Read Improper Arrangements Online

Authors: Juliana Ross

Improper Arrangements (5 page)

“We’ll be traveling light, but I suspect you and I have different notions of what constitutes ‘light,’” he explained.

“I haven’t yet selected what I want to bring with me.”

“Then you can do so now.”

He seemed content enough to wait in my sitting room, making notes in a small book, unconcerned by my comings and goings. At last I was ready, and beckoned him into the bedchamber, where I had set everything out on my bed.

He was silent a moment, then he looked to me and smiled. “Well done. I wouldn’t have thought it possible.”

“I tried to be conservative in my estimate of what I shall need. Do you honestly think it will suffice?”

It was an extremely modest selection of garments and supplies. Three sets of undergarments and stockings, around which I had modestly folded my nightgown, a thick shawl, my hairbrush, a packet of hairpins, several handkerchiefs, a small linen towel, a toothbrush, a tin of tooth powder and a bar of soap. And of course there were my art supplies, removed from their wooden case so they might be tucked in among everything else: my watercolors, charcoal, pencils, brushes, a sheaf of paper and my traveling easel.
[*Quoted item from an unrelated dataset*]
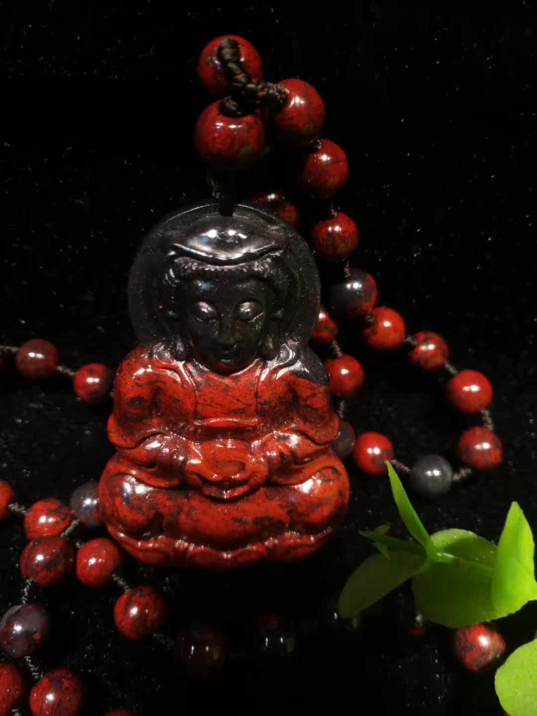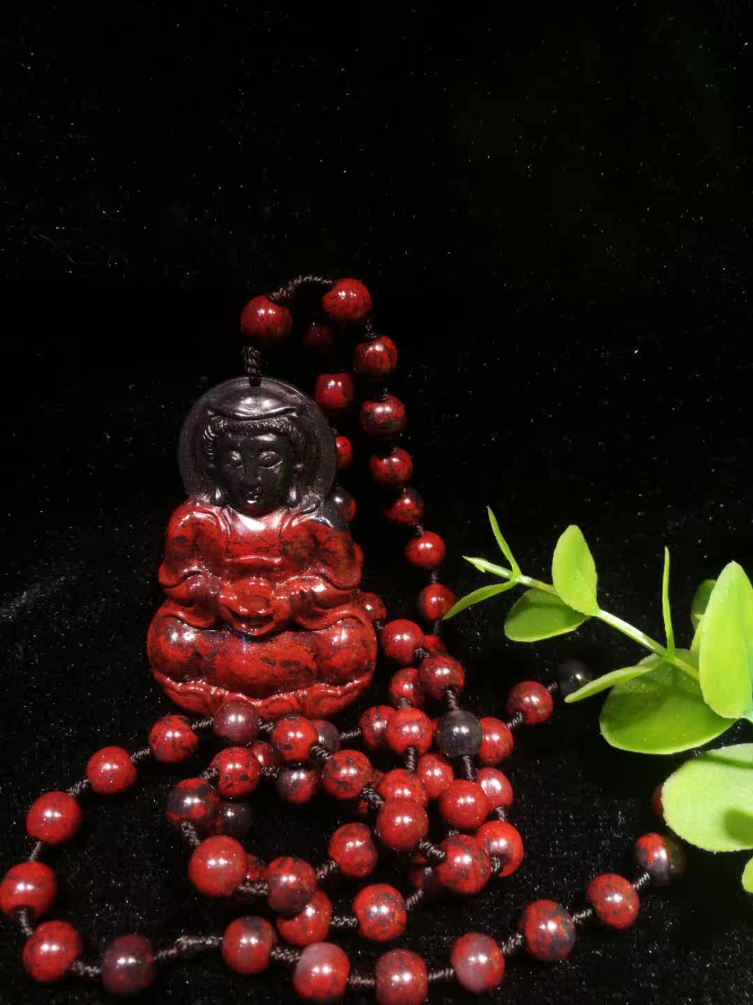 Natural Guilin Chicken blood jade Qiankun material black bottom red positive dress Guanyin hanging decoration necklace wool coat necklace with identification certificate

“It will do,” he said as he returned to the sitting room. He retrieved his hat, tucked away his notebook and pencil and went to the door. “I’ll take my leave of you now. I have a small rucksack that you can use. I’ll have it sent over. And Guérin has promised to deliver your gowns before nightfall. Can you be ready for eight o’clock tomorrow morning?”

“I can.”

“Until tomorrow, then.”

* * *

The remainder of my last day in Argentière passed quickly. I wrote letters home to my parents and siblings, carefully worded so as to cause no concern. They would, naturally, be thrilled to hear that E. P. Keating was acting as my guide. And doubtless they would be horrified, in equal measure, if they knew we were traveling without benefit of a chaperone, servants and porters. Pistols at dawn might well be a thing of the past, but I didn’t care to learn how my father or brothers would react if they ever learned of my and Elijah’s disregard for propriety.
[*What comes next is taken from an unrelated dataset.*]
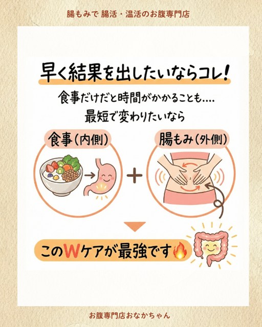 そんなあなたにおすすめなのが、食事(内側からのケア)にプラスして行う**「腸もみ(外側からのケア)」**です。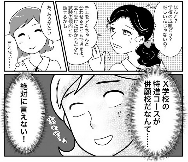 「情報を与えたくない相手なのでは?」という推測もありました。例えばそれぞれの子が同じくらいの偏差値で片方は第一志望に合格したけれど、片方は滑り止め校のケース。知り合い全員に触れ回りそうな”スピーカー”ママというケース。普段はさほど親しくもないのに、プライベートを探るときだけ近づいてくる相手にも教えたくはないでしょう。

I had a bath—there was a lovely bathroom just down the corridor, equipped with a huge copper tub and piped-in hot water—and washed my hair, then ate a light supper at the desk in my sitting room, since I’d packed away all my fine things in my trunk.

As promised, my two gowns were delivered to my door not long after supper. Poor Monsieur Guérin must have spent the entire day laboring on them, and to such ill effect. They looked positively ridiculous, the hems stopping a good six inches shy of the floor, their skirts pitifully deflated. Yet I had to admit they were very comfortable. I particularly liked the way the tailor had re-set their sleeves, enlarging the armholes so I might move with greater ease. I could even raise my arms straight above my head, something that was impossible with the low-set shoulder seams in an ordinary gown.

Tucked in with my shortened petticoat was a pair of pantalettes. Made of dark grey wool instead of the cotton or linen I would have expected, they resembled my drawers, only longer, and were prettily finished at the hem with loops of blanket stitch.

Another knock at my door heralded the arrival of the promised rucksack. Though not as large as some I had seen being worn by fellow travelers, it comfortably held all my things with the exception of my little easel. Perhaps there would be some way to fasten it to the outside so I would not have to carry it in my hands.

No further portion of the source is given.